La Cour poursuit en constatant que le client n’apporte pas la preuve des manquements reprochés au comptable. Au surplus, en s’abstenant de toute réclamation pendant la période visée par les factures litigieuses et en continuant à confier régulièrement à l’appelante des tâches comptables et fiscales alors qu’il était en mesure de critiquer les travaux du comptable ; le client a invoqué l’exception d’inexécution dans des conditions contraires à la bonne foi.
Qu’à supposer même que soit établie l’existence des manquements dans le chef du comptable, il reste que, ni la consistance, ni l’importance de pareil préjudice, ne sont déterminables. De sorte qu’ils ne justifient pas l’inexécution temporaire de ses propres obligations par le client. En conséquence, la Cour fait droit à la demande du comptable.
Bon à savoir
L’exception d’inexécution est un mécanisme propre aux rapports synallagmatiques, généralement issus de contrats, dans lesquels chacune des parties a la charge d’exécuter une ou plusieurs obligations. Ce mécanisme autorise une partie au contrat à suspendre l’exécution de ses propres obligations en raison de la défaillance préalable de son cocontractant 2.

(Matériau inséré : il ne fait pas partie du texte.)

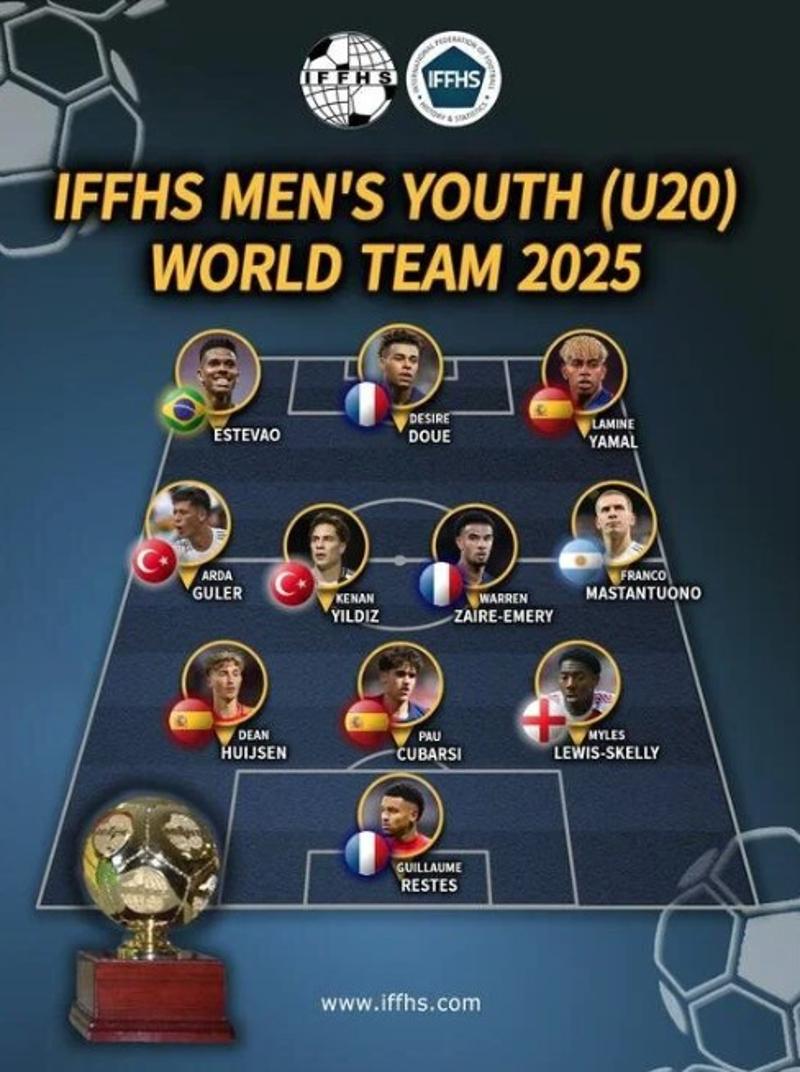 Uluslararası Futbol Tarihi ve İstatistikleri Federasyonu (IFFHS), 2025 yılı için en iyi 20 yaş altı takımını açıkladı.
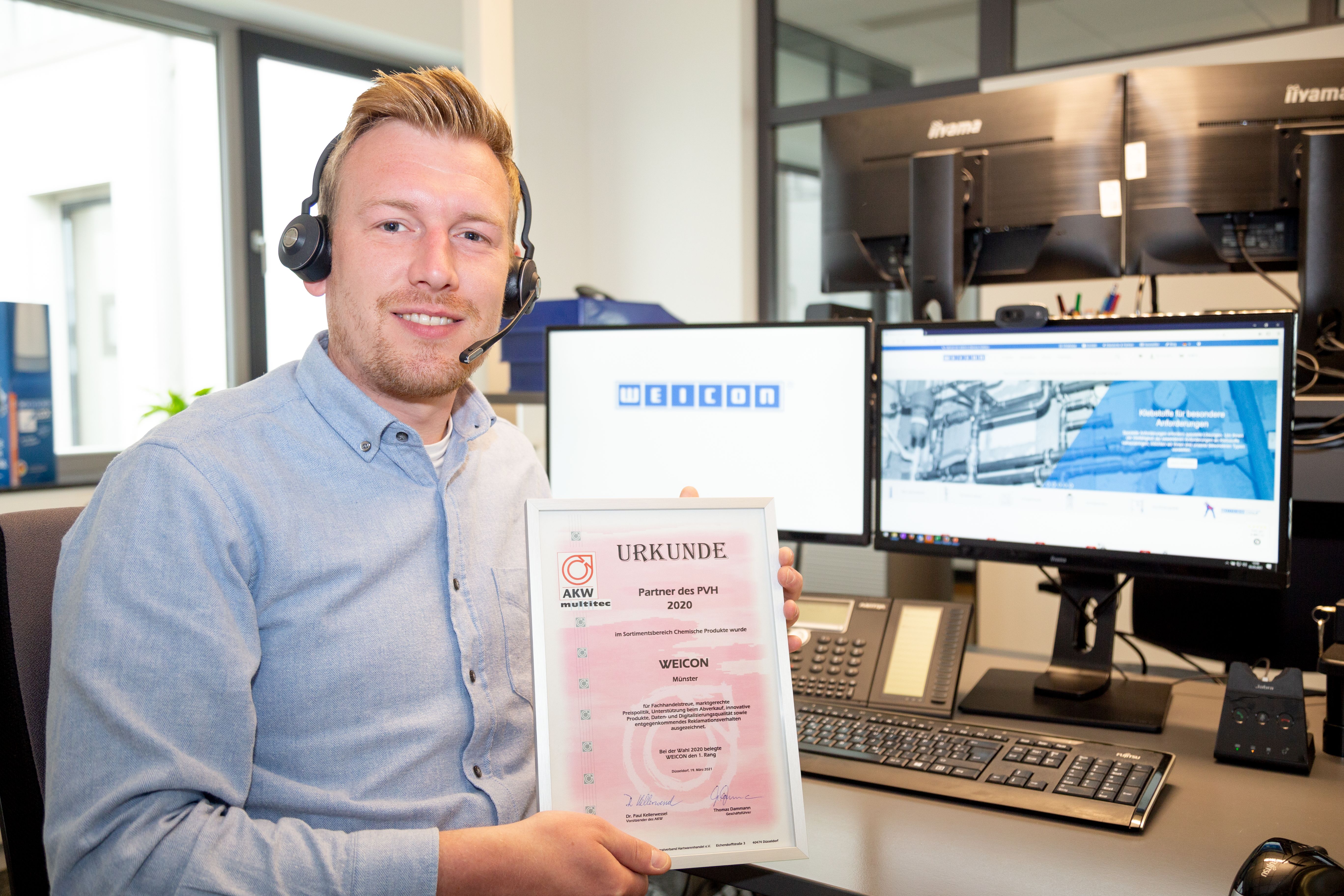 Weicon, the Muenster-based manufacturer of adhesives and sealants, has been named one of the best partners of the specialist technical trade by the PVH. In the category "Chemical Products", the family-owned company took 1st place. The PVH is the Federal Association of the Production Connection Trade, to which many technical dealers belong who also work closely with the Muenster-based company. The PVH awards the prize in cooperation with the Tools Working Group (AKW) of the Central Association of the Hardware Trade.

Pour être accueillie, cette exception exige la réunion de plusieurs conditions. Les obligations des parties doivent être exécutées trait pour trait 3, c’est-à-dire qu’elles sont exigibles en même temps. Ensuite, la créance de celui qui invoque l’exception doit être certaine quant à son existence et exigible, sans qu’il soit toutefois requis qu’elle soit liquide. Il faut encore que la défaillance soit imputable à l’autre cocontractant et que l’exception d’inexécution ne soit pas invoquée dans des conditions contraires à la bonne foi. Enfin, il revient au juge d’apprécier si les manquements invoqués justifient l’inexécution temporaire de ses propres obligations par celui qui s’en prévaut 4.
Dans le cas d’espèce, plusieurs conditions ne sont pas réunies. Outre la question de l’imputabilité, il ressort du cas d’espèce que, tant l’importance du préjudice prétendument subi par le client 5, que l’attitude de ce dernier, empêchent que l’exception d’inexécution soit valablement invoquée. Un cocontractant qui s’abstient d’émettre des reproches à l’encontre de l’autre partie pour les manquements qu’elle commet ne peut, par après, se prévaloir de bonne foi de l’exception d’inexécution. Il ne s’agit en effet pas d’un comportement correspondant aux normes objectives à respecter dans pareil cas 6.
_______________
1. Appel Mons, 16 décembre 1996, J.T., 1997/22, p. 436.
2. Cass., 14 mars 1991, Pas., 1991, I, p. 652.
3. P. Van Ommeslaghe, Droit des obligations, t. I, Bruxelles, Bruylant, 2010, p. 860.
4. S. Stijns, D. Van Gerven et D. Wéry, « Chronique de jurisprudence - Les obligations : les sources (1985-1995) », J.T., 1996, p. 689, n° 158 à 161.
5. Cass., 15 juin 1981, Pas., 1981, I, p. 1179.
6. P. Van Ommeslaghe, op. cit., p. 865.